Back in 1983, I went to meet Towns for a feature on his Hustler kit cars for Autocar magazine. Well over 30 years later, I still remember the visit with fondness. If memory serves, his home was in Moreton-in-the-Marsh in Gloucestershire, and it had a Spanish flavour, with terracotta tiles and an arched veranda. He made me an excellent salad of some sort as we sat in his kitchen, and he held me spellbound.
While I had gone there to talk about Hustler kit cars, we seemed to get diverted with every question posed. For those unaware, the Hustler was a modular concept aimed to be a utility vehicle that could easily be built (using Mini, BMC 1100 or 1300 mechanicals). While many at the time would sneer at the words ‘kit car’, he fully embraced the concept and Hustlers were produced by Towns’ own design company, Interstyl.

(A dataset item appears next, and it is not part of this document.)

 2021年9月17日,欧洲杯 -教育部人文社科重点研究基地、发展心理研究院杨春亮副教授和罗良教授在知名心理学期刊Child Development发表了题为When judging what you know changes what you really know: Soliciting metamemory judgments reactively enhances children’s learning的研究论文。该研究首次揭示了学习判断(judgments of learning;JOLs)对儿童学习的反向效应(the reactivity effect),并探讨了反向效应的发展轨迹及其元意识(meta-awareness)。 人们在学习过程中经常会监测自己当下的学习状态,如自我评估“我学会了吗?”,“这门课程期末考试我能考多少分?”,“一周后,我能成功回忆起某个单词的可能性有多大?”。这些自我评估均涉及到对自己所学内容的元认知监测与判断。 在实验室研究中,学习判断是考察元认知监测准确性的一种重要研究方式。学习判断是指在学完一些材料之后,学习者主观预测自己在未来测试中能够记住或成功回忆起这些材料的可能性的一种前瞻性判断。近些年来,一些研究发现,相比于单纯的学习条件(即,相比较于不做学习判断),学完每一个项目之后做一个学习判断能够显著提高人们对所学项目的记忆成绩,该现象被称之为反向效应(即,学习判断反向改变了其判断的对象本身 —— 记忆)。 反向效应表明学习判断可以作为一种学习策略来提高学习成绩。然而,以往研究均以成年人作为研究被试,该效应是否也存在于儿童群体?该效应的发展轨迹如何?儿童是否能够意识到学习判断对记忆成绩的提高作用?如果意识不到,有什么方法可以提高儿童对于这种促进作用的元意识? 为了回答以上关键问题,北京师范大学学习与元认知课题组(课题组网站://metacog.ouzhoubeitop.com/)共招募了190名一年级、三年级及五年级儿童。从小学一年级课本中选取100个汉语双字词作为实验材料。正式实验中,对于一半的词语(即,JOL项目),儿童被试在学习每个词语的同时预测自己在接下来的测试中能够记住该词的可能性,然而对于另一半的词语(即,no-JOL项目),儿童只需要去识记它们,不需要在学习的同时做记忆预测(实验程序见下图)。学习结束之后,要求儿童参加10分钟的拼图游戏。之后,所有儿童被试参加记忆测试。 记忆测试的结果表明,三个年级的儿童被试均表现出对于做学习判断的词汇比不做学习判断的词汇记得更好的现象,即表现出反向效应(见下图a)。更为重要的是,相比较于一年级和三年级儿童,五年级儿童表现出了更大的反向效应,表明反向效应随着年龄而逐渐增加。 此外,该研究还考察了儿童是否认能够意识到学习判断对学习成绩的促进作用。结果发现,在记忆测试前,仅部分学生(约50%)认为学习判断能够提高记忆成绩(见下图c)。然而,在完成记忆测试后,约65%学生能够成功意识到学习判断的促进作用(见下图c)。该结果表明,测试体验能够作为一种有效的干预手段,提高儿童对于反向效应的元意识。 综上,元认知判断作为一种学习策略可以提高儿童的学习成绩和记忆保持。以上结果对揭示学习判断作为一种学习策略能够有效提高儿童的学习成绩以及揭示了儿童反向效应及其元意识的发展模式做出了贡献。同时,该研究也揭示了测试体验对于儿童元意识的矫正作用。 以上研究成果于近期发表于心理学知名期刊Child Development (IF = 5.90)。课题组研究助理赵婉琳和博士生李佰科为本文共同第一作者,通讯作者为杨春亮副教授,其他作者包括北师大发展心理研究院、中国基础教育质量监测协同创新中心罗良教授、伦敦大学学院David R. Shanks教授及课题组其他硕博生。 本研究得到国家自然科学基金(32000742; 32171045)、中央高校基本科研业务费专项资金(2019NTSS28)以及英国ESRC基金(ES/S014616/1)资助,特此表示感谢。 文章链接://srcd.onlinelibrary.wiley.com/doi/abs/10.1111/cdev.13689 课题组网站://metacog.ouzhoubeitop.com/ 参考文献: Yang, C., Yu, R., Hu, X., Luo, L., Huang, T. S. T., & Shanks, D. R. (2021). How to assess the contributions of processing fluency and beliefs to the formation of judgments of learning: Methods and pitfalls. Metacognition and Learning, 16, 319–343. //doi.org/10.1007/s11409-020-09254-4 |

The angular shape was a Towns’ signature trait, originally brought to a wider audience of course with the Hillman Hunter during his time at Rootes, and then the Aston Martin Lagonda, a stunning and seminal luxury four door supercar that should have been a great success (if the company could have made the crazy electronic dashboard to work properly). Only 645 Lagondas were built, intriguingly Towns’ company actually produced over 500 Hustlers. This total included the six-wheeled Highlander that had a Jaguar V12 engine… from an old XJS that Towns bought himself and personally fitted the engine and various bits of suspension. What’s not to like about this bloke?

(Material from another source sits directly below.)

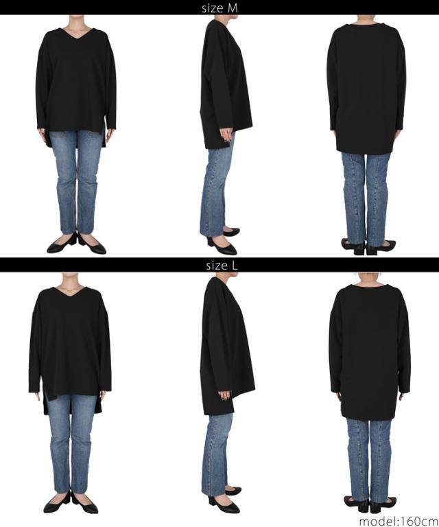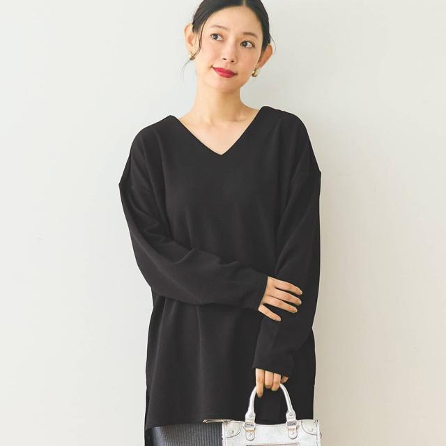 首元がすっきり見える見返し仕様のVネック。

As a young journalist on Autocar, I can still remember the buzz that hit the editorial office when we first got news and sneak pictures of the two-seater supercar, the Aston Martin Bulldog. There was no social media those days so it was down to physically holding photographer Ron Easton’s black and white prints to actually get to see the car. The magazine even had a pen and ink cutaway drawing done by Vic Berris (who when I first met him worked in a tiny attic office at the top of Stamford Street in London; a cigarette smoke-filled messy den in which these artists produced some marvellous work and Vic’s freehand Bulldog cutaway was, no – is, superb). The Bulldog never went into production, and only one was ever built, yet with the Lagonda it helped save Aston Martin from the financial oblivion it was careering towards in the late 1970s. There might not even be an Aston Martin today without these two cars.
Over my lunch, I learnt about a water sculpture Towns had just designed for an Arab millionaire that changed shape as he drove up the drive, then there was a computer terminal and even a rifle. Later, he showed me a strange rectangular rowing boat, that was actually the roof of a Hustler ice-cream van… His plans were to put a sail on it and my misty memory seems to recall a large pond in his garden where he had tested the ‘roof’s’ buoyancy!
I have met numerous very talented vehicle designers in my time, some of whom will tell you just how talented they are, and just how lucky you are to be in their presence. William Towns was not like that. To me he seemed modest, even humble, but he was certainly passionate about what he did. Sadly, he died of cancer some years ago, far too young. So, if you get involved in my pub game, spare a thought for William and mention the Jaguar V12 engined Hustler kit car, and the fact that the roof could probably be taken off and sailed around a lake. Now that’s what you call a designer!